Tell HN: Thinking about making a K-12 app now? Know how education pricing works.
First, and most importantly, unlike apps for private use, schools pay per device for your application. This is new for the 2011-2012 school year, so schools are feeling a lot of sticker shock. This is going to drastically affect your price point.
Second, schools have to pre-pay for their volume purchase, in vouchers starting at $100. Expect school systems to set a budget for apps at the beginning of the year, use one PO to buy the vouchers, and then not buy more except in very extenuating circumstances. (Your app will not be an outstanding circumstance. One by Apple or Pearson might be.) School budgets are very involiatle and only refresh once a year; if a school cannot afford your app in October, they cannot afford to buy it until the next September.
Third, schools do not have a way to handle in-app purchases (yet?).
Finally, you can choose to offer schools a 50% discount on purchases of 20+ copies of your app(and only a 50% discount, no more, no less).
Expect this to have a strongly downward price pressure on your app. One school I know only looks for free apps, and finds Apple's Volume Plan too cumbersome to use. My wife's school, K-8 has an app budget of somewhere just south of $1000. Their policy was: each grade level must choose, as a team, one application that costs $1.99 per unit or less. Plus free apps. That's it for the year.
In short, if you're looking to hit the classroom, you're probably going to need to stand out in both polish and price. Polish to get noticed above the others, price to get in under budget.
Links to check out:
Apple's FAQ: http://www.apple.com/education/volume-purchase-program/faq.html
Blog post on what it looks like from the educator's point of view: http://learninginhand.com/blog/app-store-volume-purchase-program-explained.html
3 comments
[ 2.6 ms ] story [ 19.8 ms ] threadThe public servants who buy educational products must justify their purchase in terms of educational efficacy and cost. A minimal viable product is low cost (in dollars), low cost in terms of implementation, and it's designed around well-validated instructional strategies. Ideally, you have some educational experts on your side (not some grad student in education, but well regarded and seasoned educators... who cost a lot).

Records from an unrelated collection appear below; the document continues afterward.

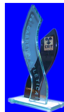
ESP 098 RECONOCIMIENTO EN CRISTAL C/FORMA DE "S" ENTONTRADA. CRISTAL REFLECTA Y CRISTAL CLARO EN BASE DE CRISTAL
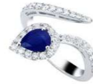
Art. ABZ-150 Zaff. ct.0,77 mm.7x5 Diam.ct.0.60 Gold 18 kt gr. 4,70
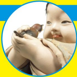
平田郷隔(子雀) 昭和時代 当館蔵 ※展示期間:7月11日(土)~8月16日(日)
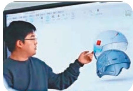
滑雪頭盔運用航天薄壁結構設計，還創新了曲線加筋變剛度的設計技術。視頻截圖

在頭盔材料方面，科研團隊在大量測試後使用碳纖維、玻璃纖維、彈性體三種成分合成的新材料，在維持衝擊韌度不變的情況下，能讓頭盔的剛度提高4倍、拉伸強度提高3倍，大幅提升了頭盔的抗衝擊吸收效率。此外，考慮到亞洲人的頭型偏圓，研究團隊還搜集了大量中國國家隊隊員的頭圍數據，開展定製化的設計，提高了中國運動員長時間佩戴的舒適度。目前已經用於保障國家雪上空中技巧專業隊的訓練。
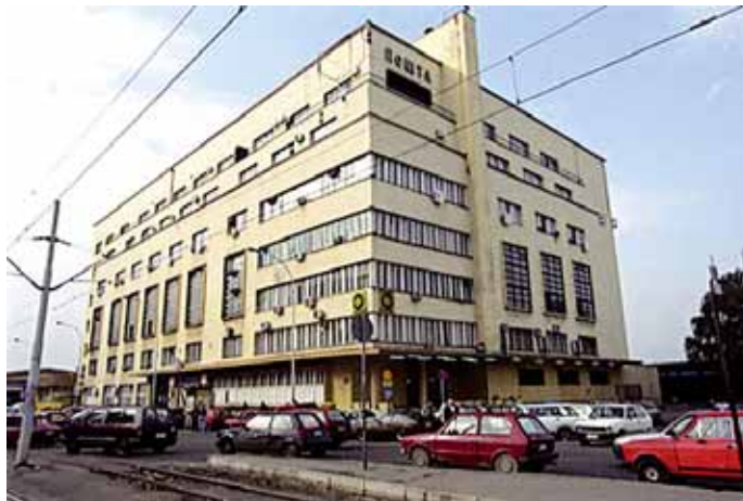
ГПЦ: Црна тачка по питању безбедности и здравља на раду

Због учесталих пљачки наших објеката, теми безбедности је посећена посебна пажња. Поред
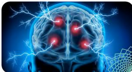
Gambar 3. Ketidakseimbangan Neurotransmitter
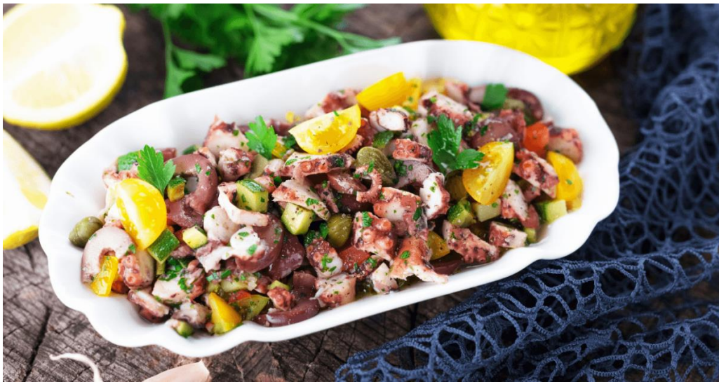
Slika 4. Salata od hobotnice

Salata od hobotnice (Slika 4) je popularno hladno predjelo od kuhane hobotnice začinjene maslinovim uljem, octom, peršinom i lukom (Barbieri, 2007).

Although Khan Academy is free in dollars, the educational quality of their content is all over the map. Educational quality turns out not to matter to much (e.g. Compass Learning) when it comes to buying decisions. But...
Is Khan Academy teaching things in a way that can be integrated easily into ordinary classroom instruction? Can Khan Academy point to research that supports their pedagogical approach? Can they even state their approach? (aside from, "we're charismatic and free!").

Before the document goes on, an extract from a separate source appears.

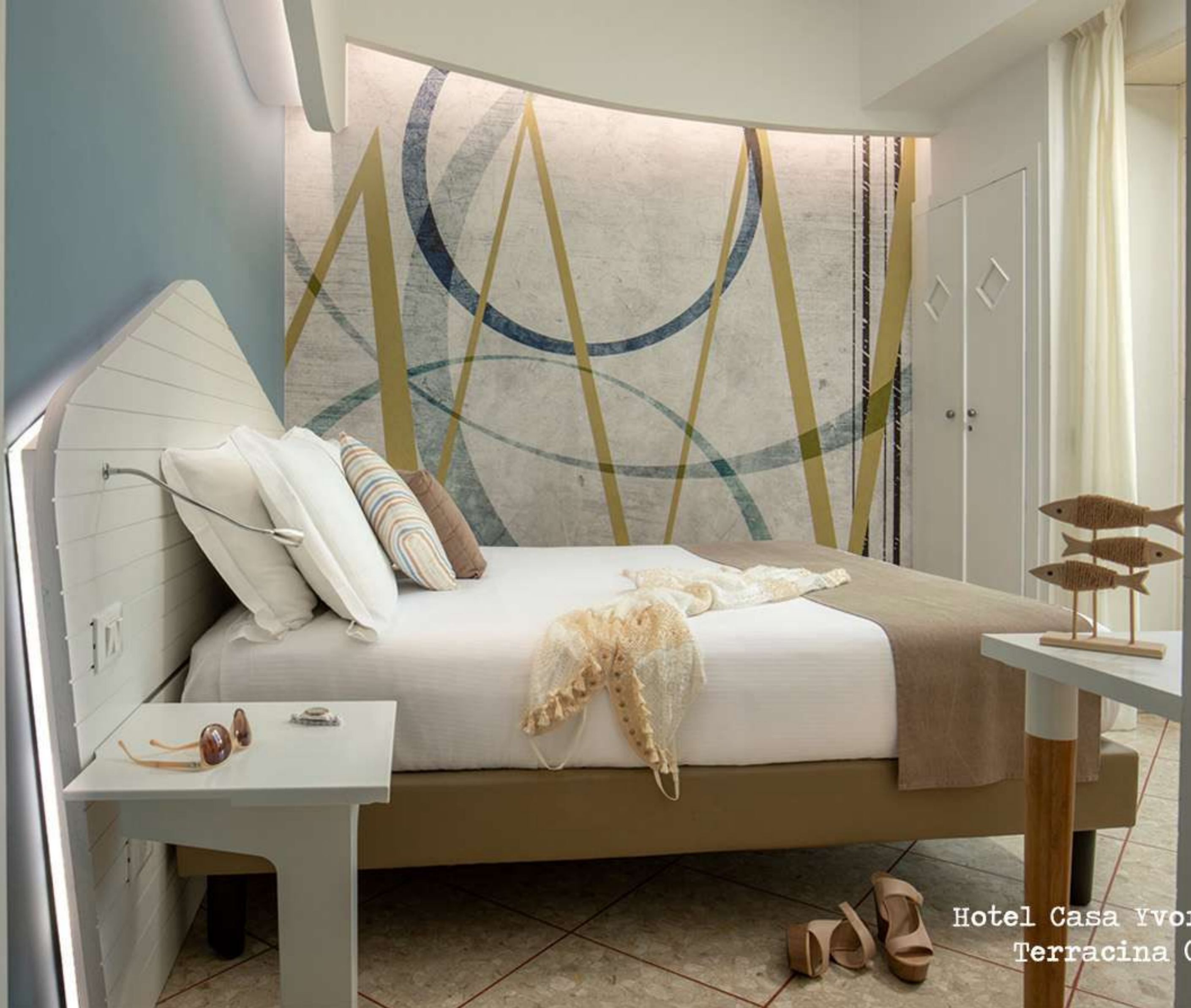
Hotel Casa Yvorio Terracina (LT)
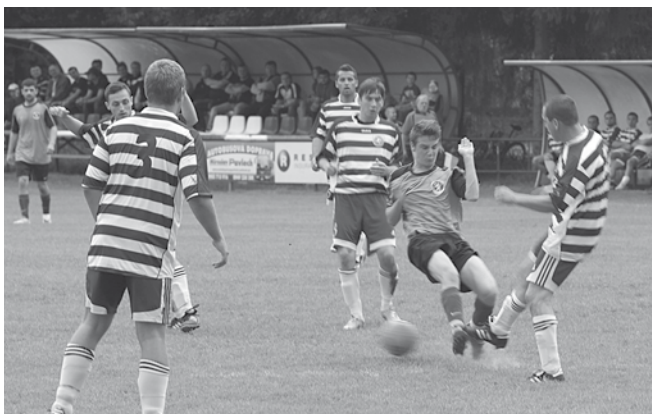
Futbalisti Dolných Kočkoviec (v pruhovaných dresoch) akoby nevedeli pred domácimi priaznivcami ukázať čo vedia.

Ani ďalší dvaja zástupcovia Púchovského okresu si tohtoročnú jeseň do vitríny nedajú. Dvanáste Dolné Kočkovce sú však trochu iný prípad, ako Visolaje. Dolnokočkovania ako keby nevedeli hrať pred vlastnými priaznivcami. Vo svojom útulnom areáli vyhrali zo siedmich stretnutí iba dve a na vlastnom trávniku ich olúpili súper i o neuveriteľných 14 bodov. I preto sú Dolné Kočkovce po jeseni až na samom dne tabuľky domácich zápasov. S výkonom vonku môže v Dolných Kočkovciach vládnuť trochu väčšia spokojnosť, i keď päť privezených bodov tiež nie je žiadne terno. I keď všetci traja zástupcovia okresu Púchov sú naukladaní takmer na dne tabuľky za sebou so zhodným počtom dvanástich bodov, najnižšie v tabuľke je po jeseni Lysá pod Makytou. I preto, že doma zo šiestich zápasov tri prehrala, no najmä preto, že vonku ani raz nevyhrala a priviezla iba tri body za tri remízy. Jedným dychom však treba dodať, že Lysá na súperových trávnikoch nebetónuje, snaží sa o ofenzívny futbal a niekoľko stretnutí prehrala po priebehu, za ktorý by si body zaslúžila.

If not, then in the mind of a large purchaser, Khan Academy is not a viable large-scale alternative. It's an accountability thing.
Education requires deep pockets. Content production is costly enough, but you also have to pay experts to endorse or help build your product.

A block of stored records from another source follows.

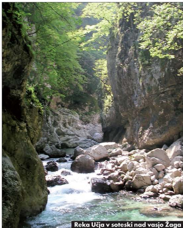
Reka Učja v soteski nad vasjo Žaga

Zagožen je spregovoril o prihodnjem razvoju izkoriščanja slovenskih hidroenergetskih virov s stališča turizma, predstavnik ministrstva za gospodarstvo
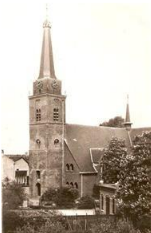
Ansichtkaart Sint Maartenskerk Hillegom

In de reeks bewerkte genealogische bronnen van de dorpen rondom Leiden, uitgegeven door de NGV-afdeling Rijnland, verscheen op 7 december alweer het 22ste deel.
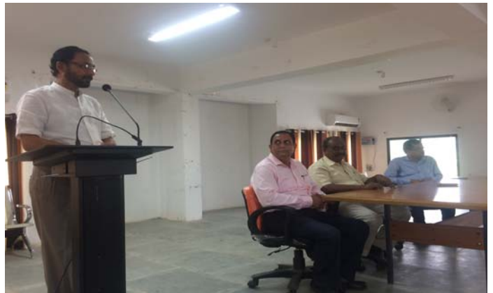
Address by Vice Chancellor in Symposium on Swami Vivekananda
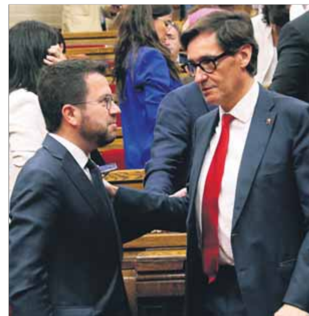
El president de la Generalitat, Pere Aragonès, i el cap de l'oposició, Salvador Illa, ahir al Parlament

■ Puigneró fa seva la frase "Espanya ens roba" per descriure dèficits en infraestructures i accessos viaris
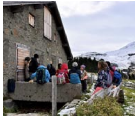
Pause vor der Berghütte

perli» befindet. Mit Mrs. X gingen wir zurück ins Lagerhaus und assen Äplermaccaronen mit Apfelmus zum Z'Nacht. Danach wollten wir mit den Hinweisen Kas-
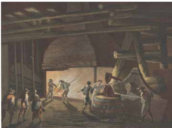
Et norsk ikke navngitt smelteverk fra 1792.

På stadig flere av de store gårdene ble det utover 1700-tallet vanlig med gårds klokke. Den ringte for å signalisere starten og slutten på arbeidsdagen, og for måltider. Tidligere hadde det ikke vært noen måte for gårdsfolket å vite nøyaktig når de skulle være på plass. Med gårds klokken ble arbeidsdagen strukturert, og ikke minst regulert etter storbondens ønsker. De som hadde råd, kunne også kjøpe egne stueur eller lommeur. Disse måtte trekkes opp, men så fulgte tikkingen, og eventuelt time-slagene, resten av dagen. Man kunne rett og slett høre at tiden gikk.
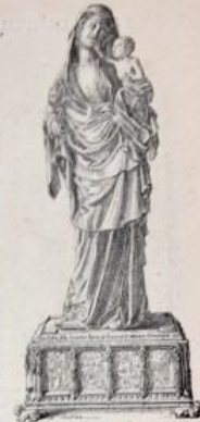
Statue de la Vierge en argent doré, donnée par la reine de France Jeanne d'Evreux, veuve de Charles IV à l'abbaye de Saint-Denis en 1319 (Musée du Louvre).
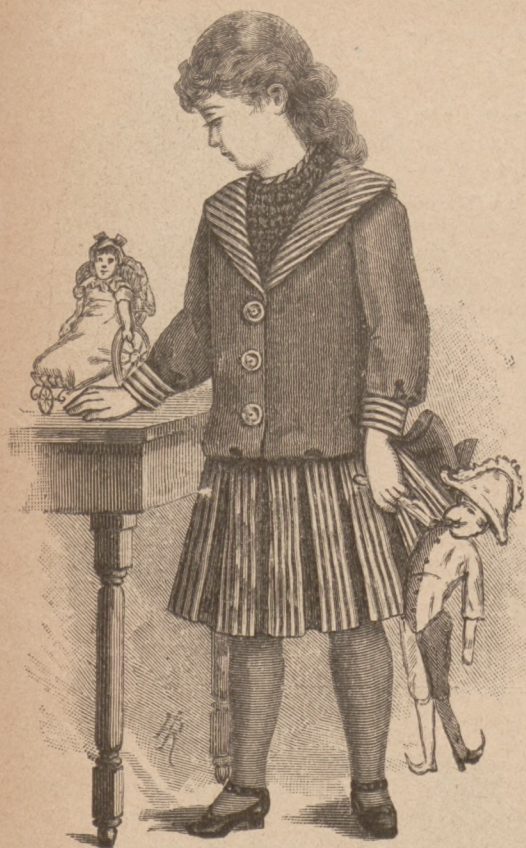
N. 34. Sukienka dla dziecka.

nym od 25 do 38 wszywa się gładko w pasek, od 38 do 60 fałduje na 13 cent. i przyczepia przy rozporoku sukni, poniżej którego podcina się pukiel składając gwiazdką do gwiazdki. Zbysające brzegi od dwukropka do dwukropka zszyte są w róg, a z prawego brzegu bocznego składa się jeszcze pukiel od dwukropka do kropki. Na lewy tylny bryt sukni spada część draperyi c, z lewego brzegu podług znaczków
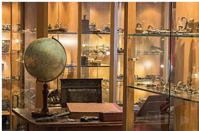
Una parte del Museo della Chiave Bianchi 1770
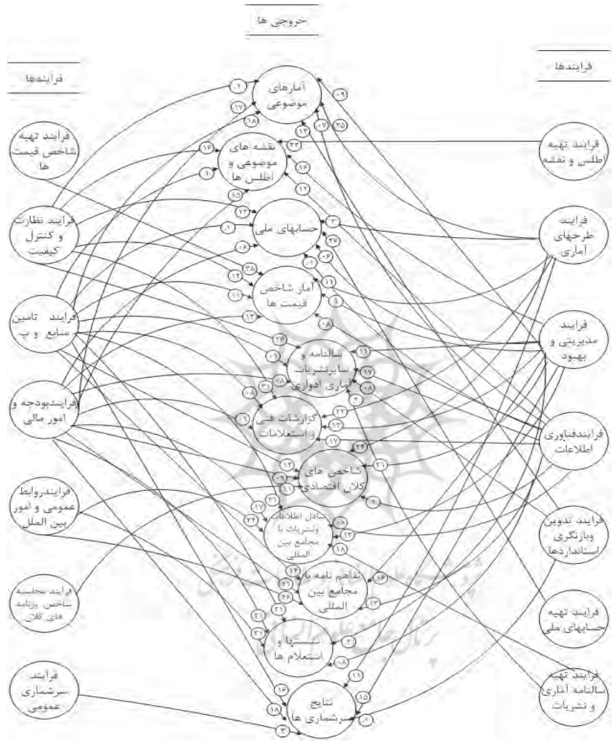
شکل (۵): بخش دوم مدل بودجه‌ریزی عملیاتی مرکز آمار ایران

بخش دوم مدل فرایندهای دخیل در تولید هر خروجی معین و سهم هر فرایند از بودجه خروجی مذکور را نشان می‌دهد.
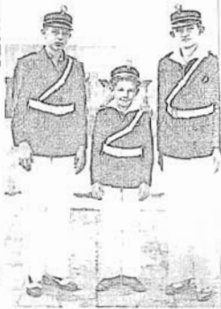
မူလတန်းအတန်း၊ဘေးဘဝကက်စ်ထို
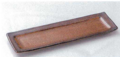
270-8-712 鯨突出皿 1,050円 28×8.8×1.8cm 27008712
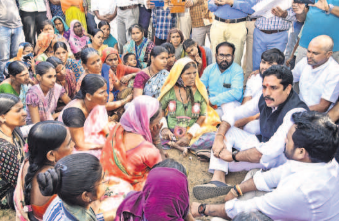
బాధితుల గోడు మింట్లను ఎన్సీ కమిషన్ సభ్యులు జాబోత్ పాస్పాసి నాణ్యత

మహబూబ్ నగర్ (నమస్తే తెలంగాణ ప్రతినిధి) / కొడంగల్, నవంబర్ 18 : ‘ఆధ్మరేత్రి యమునోళ్లొచ్చినట్టు వచ్చి మా మొగోళ్లు యాడున్నారో, ఏమైనారో తెల్యదు: కమిషన్ ముందు బాధితులు’ అనే బలవంత కోరికను తెలుపుతూ.. ఆళ్ల జాడ ఎక్కడో తెల్యదు.. అసలు బతికే ఉన్నారా? లేదా అని గుబురైపోయింది.. అప్పటి నుంచి పిల్లలెళ్లు, ముసలి ముతక అందరికీ ఆకలి రిచ్చులు కరువైనయ్యాయి! రాత్రియే నిద్రనేడే దూరమైంది.. పోలీసులు వస్తున్న అంటే గుండ్లెళ్లు గుబులు పుడుతుంది.. ఊళ్ల నించి ఒక్కలు కూడా పనులతో పోతే.. పిల్లలెళ్లు బడికి పోతే.. బువ్వ బెట్ల భూములయ్యవస్తున్నాయో మాకో గతి.. మళ్లీ మా వోళ్లు (మొగోళ్లు) ఊళ్లొచ్చిన మా బాధ తీర్చింది. అప్పటిదాకా మాకోడి గతి.. ఎట్టుయినా మా వోళ్లను రిచ్చులు తెచ్చుకోవాలి అంటూ సోమవారం పర్యటించిన ఎన్సీ జాతీయ కమిషన్ బృందం ఎదురు బాధపర్చి, రోజీబండ తండ సమీప గ్రామాల కాపాడి కుటుంబాలు తమ గోడు వెళ్లబోతున్నారని, కన్నీటి పర్యంతమై సుందరించిన జాతీయ ఎన్సీ కమిషన్ బృందం సోమవారం లగచర్ల, రోజీబండ తండలో పర్యటించింది. మధ్యాహ్నం ఒకటిన్నరకు రోజీబండ తండకు చేరుకున్న జాతీయ ఎన్సీ కమిషన్

The truly disruptive technology will lower those costs.
Hardly any school districts have iPads and there are a slew of "educational tablets" in the pipeline from manufacturers like Intel.
I'd only build something with Apple's platform with the intention of reaching a limited consumer market.
(Also, isn't pay-per-device cheaper for a school district than pay-per-student? Normally, multiple students share one device, or it's one to one.)